• Your instructions:
Please, from the entries below, transcribe exactly the lines that begin at the line with "Nowa gazetka promocyjna" and end at the line with "Ding et al.", without the pictures.

• Information shown:
Content starts

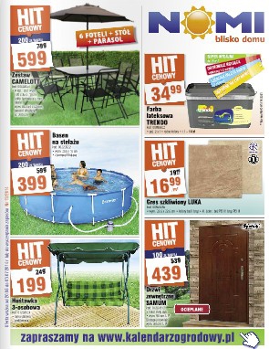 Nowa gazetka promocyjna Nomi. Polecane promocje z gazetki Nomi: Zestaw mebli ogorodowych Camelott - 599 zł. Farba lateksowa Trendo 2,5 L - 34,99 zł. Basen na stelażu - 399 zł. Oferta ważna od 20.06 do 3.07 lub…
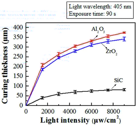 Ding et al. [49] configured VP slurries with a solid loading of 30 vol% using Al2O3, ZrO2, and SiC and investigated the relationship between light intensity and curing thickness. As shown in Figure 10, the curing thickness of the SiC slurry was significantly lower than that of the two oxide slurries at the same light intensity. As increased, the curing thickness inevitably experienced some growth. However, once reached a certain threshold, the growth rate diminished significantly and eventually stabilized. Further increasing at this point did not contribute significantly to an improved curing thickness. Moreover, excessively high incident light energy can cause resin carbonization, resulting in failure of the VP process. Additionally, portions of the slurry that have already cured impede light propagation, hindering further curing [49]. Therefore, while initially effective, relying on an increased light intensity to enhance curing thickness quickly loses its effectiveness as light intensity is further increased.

Content ends
Content starts

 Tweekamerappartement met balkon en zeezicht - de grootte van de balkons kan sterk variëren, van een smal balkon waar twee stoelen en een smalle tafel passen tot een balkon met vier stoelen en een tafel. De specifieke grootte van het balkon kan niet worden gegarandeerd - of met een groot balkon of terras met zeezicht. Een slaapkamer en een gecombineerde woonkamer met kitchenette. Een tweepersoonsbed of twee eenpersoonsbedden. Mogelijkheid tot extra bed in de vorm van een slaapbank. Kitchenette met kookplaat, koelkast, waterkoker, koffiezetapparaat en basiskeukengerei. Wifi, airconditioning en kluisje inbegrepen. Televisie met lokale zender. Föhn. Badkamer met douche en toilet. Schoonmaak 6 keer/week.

Content ends
Content starts

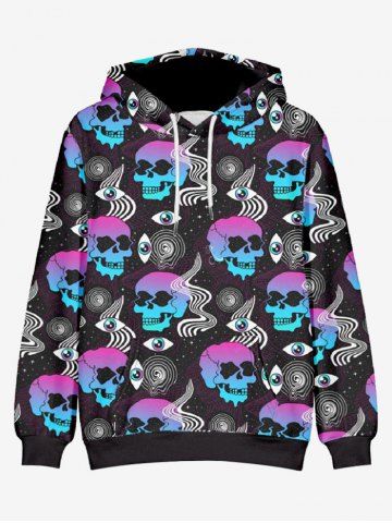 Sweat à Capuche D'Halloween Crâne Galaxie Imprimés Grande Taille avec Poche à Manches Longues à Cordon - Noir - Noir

Content ends

• Result of the exercise:
 Nowa gazetka promocyjna Nomi. Polecane promocje z gazetki Nomi: Zestaw mebli ogorodowych Camelott - 599 zł. Farba lateksowa Trendo 2,5 L - 34,99 zł. Basen na stelażu - 399 zł. Oferta ważna od 20.06 do 3.07 lub…
 Ding et al. [49] configured VP slurries with a solid loading of 30 vol% using Al2O3, ZrO2, and SiC and investigated the relationship between light intensity and curing thickness. As shown in Figure 10, the curing thickness of the SiC slurry was significantly lower than that of the two oxide slurries at the same light intensity. As increased, the curing thickness inevitably experienced some growth. However, once reached a certain threshold, the growth rate diminished significantly and eventually stabilized. Further increasing at this point did not contribute significantly to an improved curing thickness. Moreover, excessively high incident light energy can cause resin carbonization, resulting in failure of the VP process. Additionally, portions of the slurry that have already cured impede light propagation, hindering further curing [49]. Therefore, while initially effective, relying on an increased light intensity to enhance curing thickness quickly loses its effectiveness as light intensity is further increased.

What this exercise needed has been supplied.